> **Supplied records**:
--------

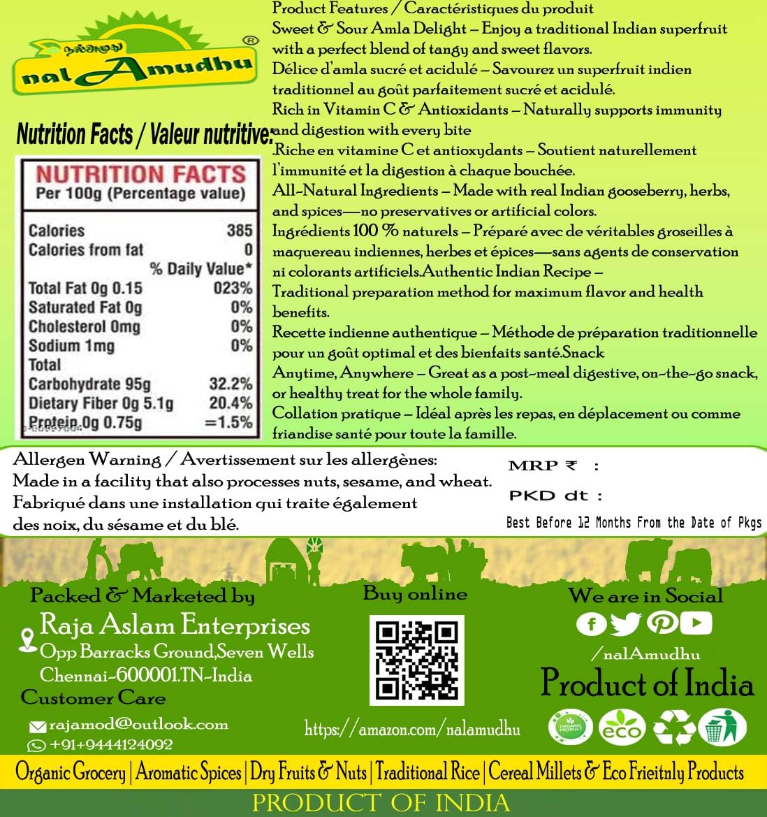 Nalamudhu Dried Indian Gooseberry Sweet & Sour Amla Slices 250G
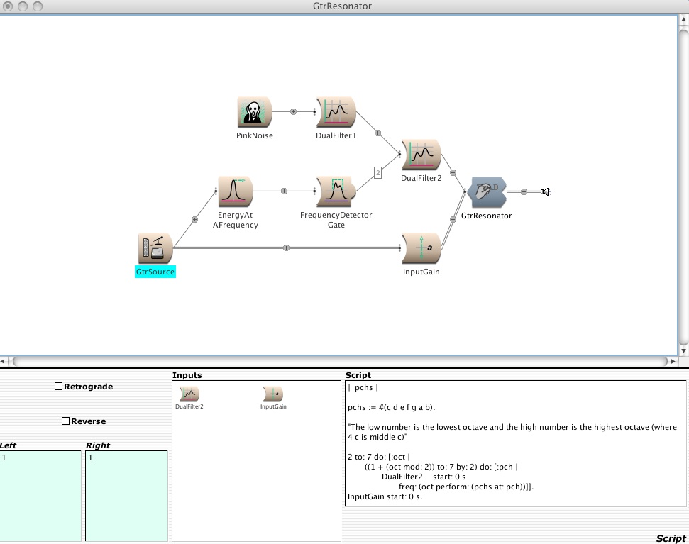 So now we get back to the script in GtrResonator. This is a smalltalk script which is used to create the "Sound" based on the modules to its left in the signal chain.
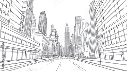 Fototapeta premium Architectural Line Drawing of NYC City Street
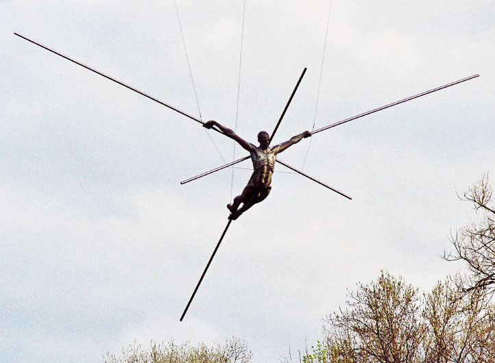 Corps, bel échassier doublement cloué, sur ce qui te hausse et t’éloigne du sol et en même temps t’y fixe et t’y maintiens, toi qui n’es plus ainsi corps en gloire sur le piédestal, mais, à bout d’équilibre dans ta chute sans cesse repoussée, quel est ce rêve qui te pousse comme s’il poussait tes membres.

--------

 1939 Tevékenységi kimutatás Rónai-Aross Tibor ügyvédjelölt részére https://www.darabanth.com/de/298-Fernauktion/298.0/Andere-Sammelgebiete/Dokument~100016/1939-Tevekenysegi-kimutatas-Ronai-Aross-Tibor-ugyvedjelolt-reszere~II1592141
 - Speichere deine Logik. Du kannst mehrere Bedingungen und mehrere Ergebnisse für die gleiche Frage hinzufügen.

--------

> **Assignment**: Would you please repeat exactly the lines above, starting at the line with "1939 Tevékenységi kimutatás" and stopping at the line with "- Speichere deine", both included?

> **Response for this exercise**:
 1939 Tevékenységi kimutatás Rónai-Aross Tibor ügyvédjelölt részére https://www.darabanth.com/de/298-Fernauktion/298.0/Andere-Sammelgebiete/Dokument~100016/1939-Tevekenysegi-kimutatas-Ronai-Aross-Tibor-ugyvedjelolt-reszere~II1592141
 - Speichere deine Logik. Du kannst mehrere Bedingungen und mehrere Ergebnisse für die gleiche Frage hinzufügen.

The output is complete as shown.